The molecular structures of Asclepias cardenolides have been intensively studied in the past [52,53,54]. On the basis of X-ray analysis, their principle structures have been determined: the triterpene scaffold of Asclepias cardenolides has the common feature of an α-orientation of the methine proton at C-5; therefore, the rings A and B of the scaffold are trans-fused [55]. Analysis of the NMR data led us to the conclusion that 1, 2, and 4 are coroglaucigenin-type molecules with a hydroxylation at C-19, while compound 3 is a calotropin derivative (Figure 2). We found compounds with one or two glycosylations, whereas in the previous study of the seeds, four cardenolides containing cellobiosyl units were reported [45].

Compound 1 has the molecular formula of C₂₉H₄₄O₁₀, determined by the ion peak at m/z 553.3015 [M + H]⁺ (calculated for C₂₉H₄₅O₁₀, m/z 553.3013). It is a coroglaucigenin derivative with one glycosylation, analogous to 4′-O-β-glucopyranosyl frugoside (5) [45]. However, the sugar moiety bound to the sterol at position C-3 shows, unlike for many cardenolides reported in Asclepias, an oxidized methylene at C-6′. (Supporting Information, Figures S3–S11)

Further analysis of the glycosyl relative configuration revealed that the carbinolic protons H-1′and H-3′ are both in equatorial position. Proton H-3′ is furthermore in syn-periplanar position to H-2′ and H-4′. We therefore assumed an α-oriented hydroxyl function in position C-3′ (Figure 3). This stereochemistry is characteristic for allose, the C-3′ epimer of glucose [56]. Compound 1 is, accordingly, 3-O-β-allopyranosyl coroglaucigenin (see Supporting Information, Figure S5 for the IUPAC name).
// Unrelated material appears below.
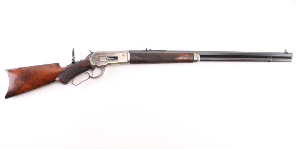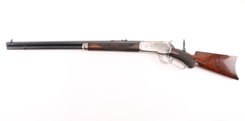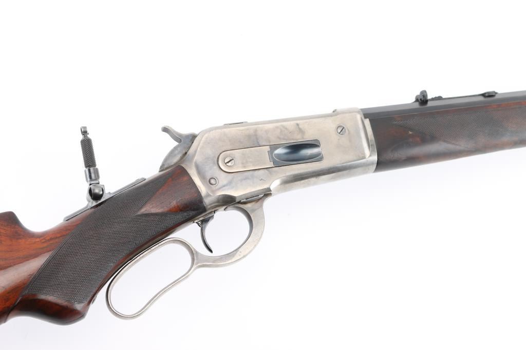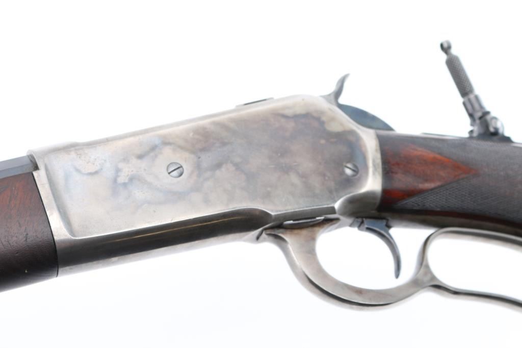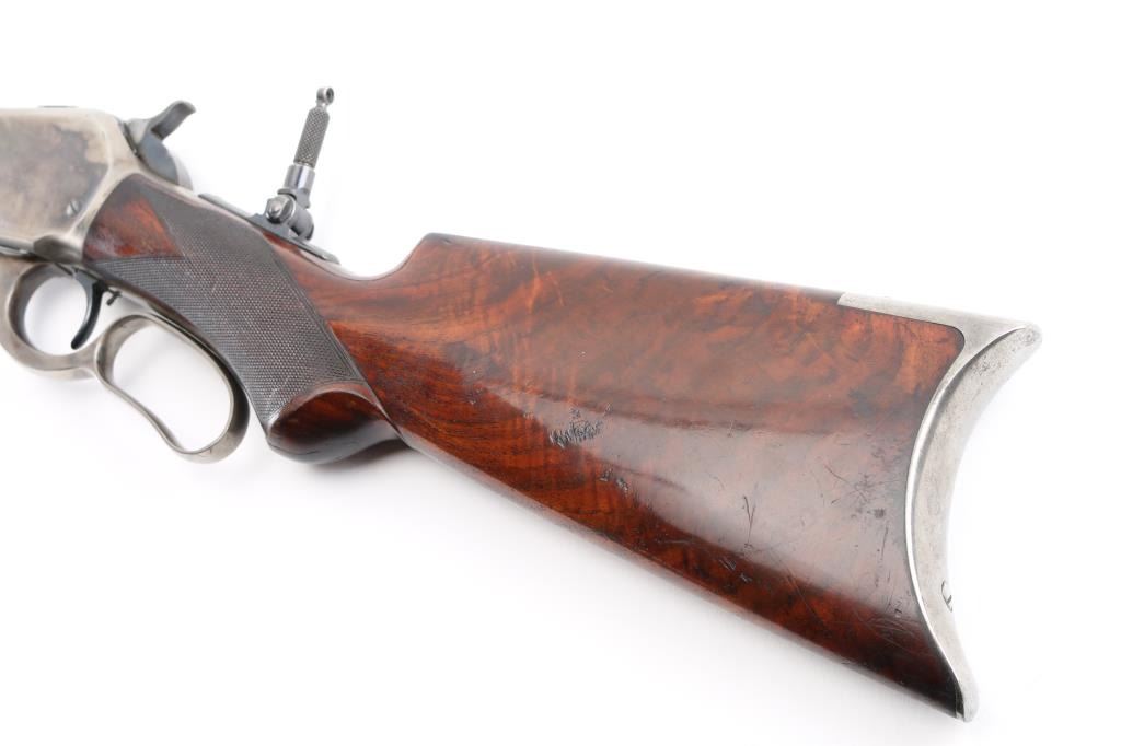 This deluxe Special order variation of the Winchester Model 1886 rifle is chambered in the very desirable 45-90, it was manufactured in 1893. 26" octagon barrel . The rifle is fitted with a special order dovetailed folding Beech combination front sight. Buckhorn elevation adjustable rear sight, and a Lyman No. 1 folding tang peep sight. The top barrel flat has the two-line Winchester address ahead of the rear sight and "45-90 W.C.F." at the breech. The lower tang has the two-line patent dates marking and the serial number. The deluxe "XX" walnut forearm and pistol grip stock feature "H" style checkering. The pistol grip stock features an ebony grip insert and is fitted with a smooth steel crescent buttplate. Special order single-set trigger. Full length magazine. Bore is near excellent/bright with a couple of small patches of very light pitting. Action is crisp/smooth, the highly figured stocks are very good, with minor scratches/dings, original blue finished barrel, & magazine has dulled somewhat, but is mostly all there, about 95% with some thinning on the magazine, slight edge/muzzle wear. Nice nitre blue on the loading gate, and the blue on the bolt is all there. The case colored receiver, hammer, lever, buttplate, & fore cap are mostly in the white, with traces remaining, mostly on the receiver. All markings are crisp/clear. NRA Condition-Excellent. Antique Firearm.

Compound 2 has the molecular formula C₃₅H₅₄O₁₅, determined by the ion peak at m/z 715.3549 [M + H]⁺ (calcd for C₃₅H₅₅O₁₅, 715.3535) (Supporting Information, Figures S12–S24). The structure is similar to compound 1 but shows two signals in the ¹H NMR spectrum at δ_H 4.87 (δ_C 97.8, H-1′) and δ_H 4.56 (δ_C 103.6, H-1″) that we assigned to anomeric glycosyl positions. It suggested a glycosyl chain, where the first sugar was again an allose. For the second glycosyl moiety, however, the multiplicity of H-2′ and H-3′, both dd multiplicities with a large coupling constant (³J_HH > 9 Hz), revealed an anti-periplanar arrangement, consistent with the β-OH orientation at C-3′. This is characteristic for a glucosyl rest and, accordingly, compound 2 is 4′-O-β-glucopyranosyl-3-O-β-allopyranosyl coroglaucigenin (see Supporting Information, Figure S17 for the IUPAC name).
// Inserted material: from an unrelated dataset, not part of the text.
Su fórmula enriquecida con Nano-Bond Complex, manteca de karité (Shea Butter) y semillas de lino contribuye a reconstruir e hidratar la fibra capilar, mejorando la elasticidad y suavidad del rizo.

Compound 3 is a calotropin-type cardenolide with a molecular formula C₃₅H₄₈O₁₄, determined by the ion peak at m/z 693.3113 [M –H₂O + H]⁺ (calcd for C₃₅H₄₉O₁₄, 693.3117) (Supporting Information, Figures S25–S33). This compound is similar to compound 7, with the only difference being a hydroxylation at C-15. Analysis of the ¹H-¹H ROESY data showed that H-17 and H-15 are in syn-periplanar orientation. Given the absolute configuration of H-17 according to biosynthetic considerations, we assign H-15 as 15R [54]. We determine compound 3 as 3′-O-β-glucopyranosyl-15β-hydroxycalotropin (see Supporting Information, Figure S29 for the IUPAC name).
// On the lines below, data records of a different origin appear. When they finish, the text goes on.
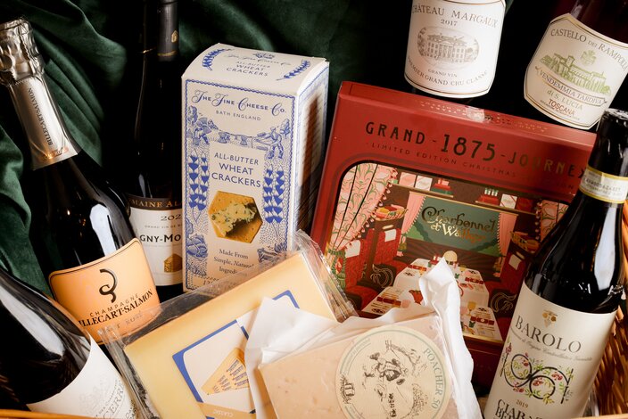 Includes: 2017 Château Margaux, 37.5cl, 2022 Puligny-Montrachet, Domaine Alain Chavy, 37.5cl, 2014 Vendemmia Tardiva, Trebianco, Castello dei Rampolla, 37.5cl, Champagne Billecart-Salmon Rosé, 37.5cl, 2019 Barolo, Ciabot Berton, Az. Agr. Marco Oberto, 37.5cl, 2022 Sancerre, Domaine Aurore Dezat, 37.5cl , The Fine Cheese Co All Butter Wheat Crackers, Comté aged 18 months, Brie with truffles.
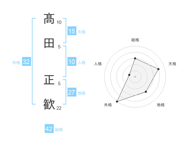 髙田 正歓さんの総格は42画の3点!
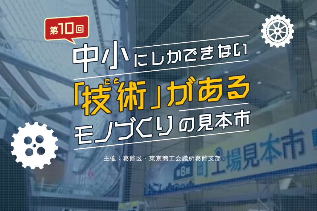 町工場見本市は葛飾区をはじめ、東京都城東エリアおよび近隣地域の中小製造業のための展示会です。 「機械・機器」、「金属加工」、「ゴム」、「プラスチック」、「ガラス」、「皮革」、「紙・印刷」、「繊維」、「めっき」等の製造業かつ中小企業が出展し、来場する企業・官公庁・事業開発、金融機関の方々との商談の場として活用されております。

Compound 4 has a molecular formula of C₂₉H₄₄O₁₁, determined by the ion peak at m/z 569.2970 [M + H]⁺ (calcd for C₂₉H₄₅O₁₁, 569.2956). It is of the coroglaucigenin type but, in this case, with a carbinolic proton resonating at δ_H 3.32 (δ_C 74,7, H-12). We defined the stereocenter of this oxydized methine as (R) from ¹H-¹H ROESY correlations between H-1α$\leftrightarrow$H-9$\leftrightarrow$H-12$\leftrightarrow$H-15α$\leftrightarrow$H-17. Furthermore, the large coupling between H-12 H₂-11β (³J_HH = 12.2 Hz) was consistent with their trans-periplanar orientation. The sugar moiety was identified as glucose by the large coupling constants and the ¹H-¹H ROESY correlations between H-1′ and H-5′. We therefore describe the compound as 3-O-β-glucopyranosyl-12β-hydroxy coroglaucigenin (see Supporting Information, Figure S39 for the IUPAC name).

2.2. Quantification of Cardenolides

We quantified compounds 1–10 in mg of compound per gram of seeds (dry weight; Figure 4 and Supporting Information Table S2). We used each compound as a standard for their corresponding calibration curve (Supporting Information Figure S2). Compound 5, 4′-O-β-glucopyranosyl frugoside, is the most abundant cardenolide, with 4.5 mg/g of seeds, approximately two times more than 4′-O-β-glucopyranosyl gofruside 6 (2.06 mg/g). The other eight cardenolides are present in amounts below 1 mg/g. Compounds 1 and 4 are the least abundant at 0.01 and 0.004 mg/g, respectively.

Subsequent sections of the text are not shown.